Setting compaction throughput improved compaction performance. On
overloaded cluster number of SSTables dropped from ~16K to ~7K. This way I
can wait until it will be stabilized.


PS
This task is a one time process - I am upgrading Elasticsearch from v2 to
v6 and once I have same data in Cassandra - I decided to load it from
Cassandra. Also, I needed to merge this data with other related documents -
and Cassandra static field - greatly helps by allowing storing one to many
relations in a single table - that's why I copied unjoined data from
table_a to table_b.

2018-04-28 8:03 GMT+07:00 Evelyn Smith <u5015...@gmail.com>:

> Hi Mikhall,
>
> There are a few ways to speed up compactions in the short term:
> *- nodetool setcompactionthroughput 0*
> This will unthrottle compactions but obviously unthrottling compactions
> puts you at risk of high latency while compactions are running.
> *- nodetool setconcurrentcompactors 2*
> You usually want to set this to the lower of disks or cores.
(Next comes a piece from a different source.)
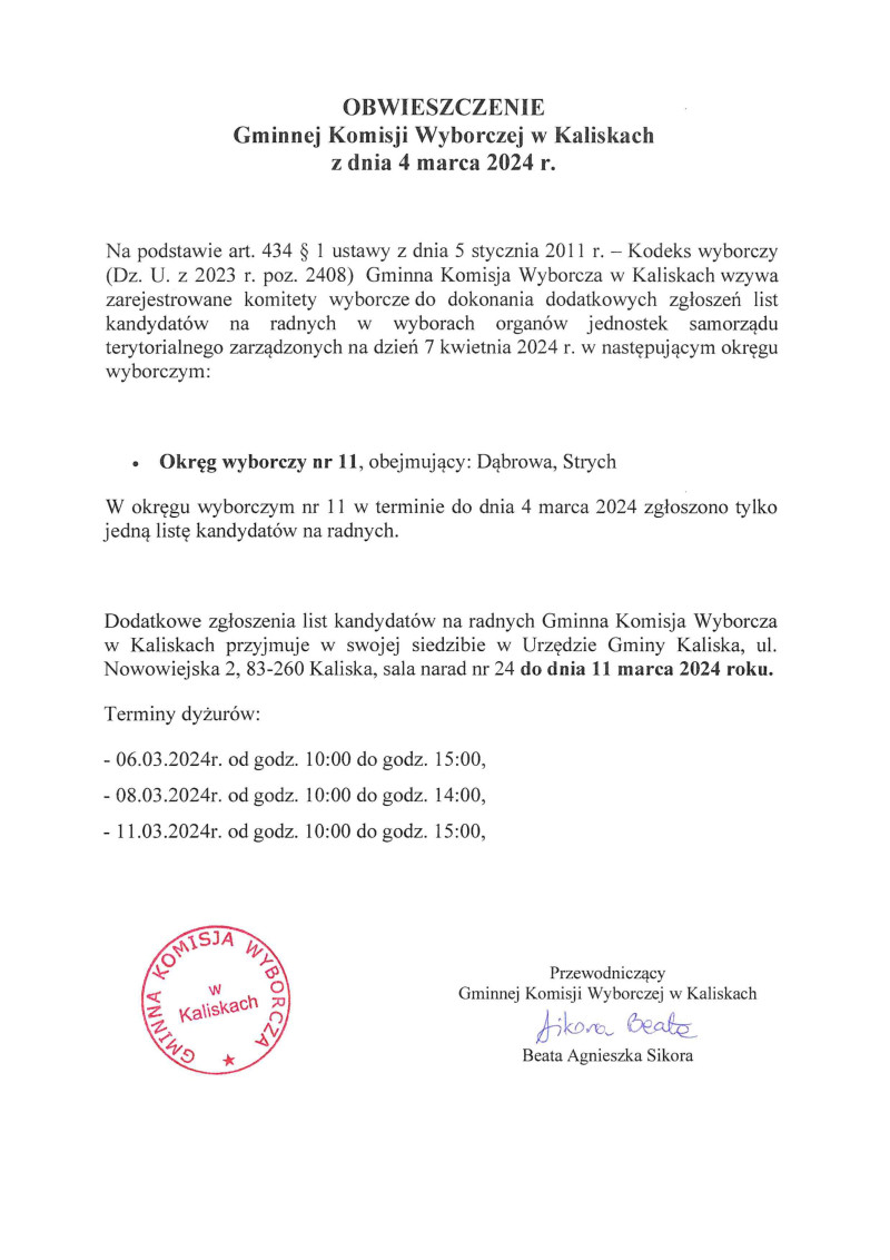 Dodatkowe zgłoszenia list kandydatów na Radnych - Okręg Wyborczy nr 11

If you are
> using SSDs you want to use the number of cores which it looks like
> d2.xlarge have 2 virtual cores.
> *- nodetool disablebinary*
> You can use this to stop an individual node from acting as coordinator.
> This will let the node focus on catching up on compactions and you can use
> it if one or two nodes has significantly higher pending compactions then
> the rest of the cluster.
> *- nodetool disablegossip / disablethrift*
> Same logic as above except with accepting writes and you can only do it
> for ~2-2..5 hours or you risk inconsistent data by missing the hinted
> handoff period.
>
> Long term solutions:
> *- Consider switching instance type*
> The nodes you are using are storage optimised. They have very little
> processing power which is needed to process compactions. Also the AWS
> documentation seems to suggest HDD not SSD on this instance. Are you sure
> you actually have SSDs because that makes a big difference.
> *- Add nodes*
> The data will redistribute over more nodes and each node will be
> responsible for less compactions (less data ~= less compactions)
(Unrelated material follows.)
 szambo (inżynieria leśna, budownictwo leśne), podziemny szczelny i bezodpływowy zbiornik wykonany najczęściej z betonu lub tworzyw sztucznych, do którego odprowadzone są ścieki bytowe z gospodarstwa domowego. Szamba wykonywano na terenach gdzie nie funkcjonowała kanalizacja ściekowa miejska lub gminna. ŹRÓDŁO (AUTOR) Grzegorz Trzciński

> *- If it’s a batch load make Spark do it*
> My impression is that you want to batch load from Cassandra to
> Elasticsearch after batch loading from Spark to Cassandra. If that is the
> case, why not get Spark to do the batch load if it already has the data
> (maybe I’m misinterpreting what you are doing).
> *- Consider throttling Spark when it batch loads to Cassandra*
> If Cassandra gets overwhelmed it can start acting up, keep an eye out for
> lots of undersized SSTables, it might be a sign that Cassandra is running
> out of Memory during the batch load and flushing lots of little Memtables
> to Disk as SSTables to conserve memory.
>
> Some final follow up questions:
> - What is the purpose of this cluster?
> Is it to support BAU, run daily analytics, or event an occasional one time
> cluster required to spin up for some analysis before being spun down? This
> info helps a lots in understanding where you can make concessions.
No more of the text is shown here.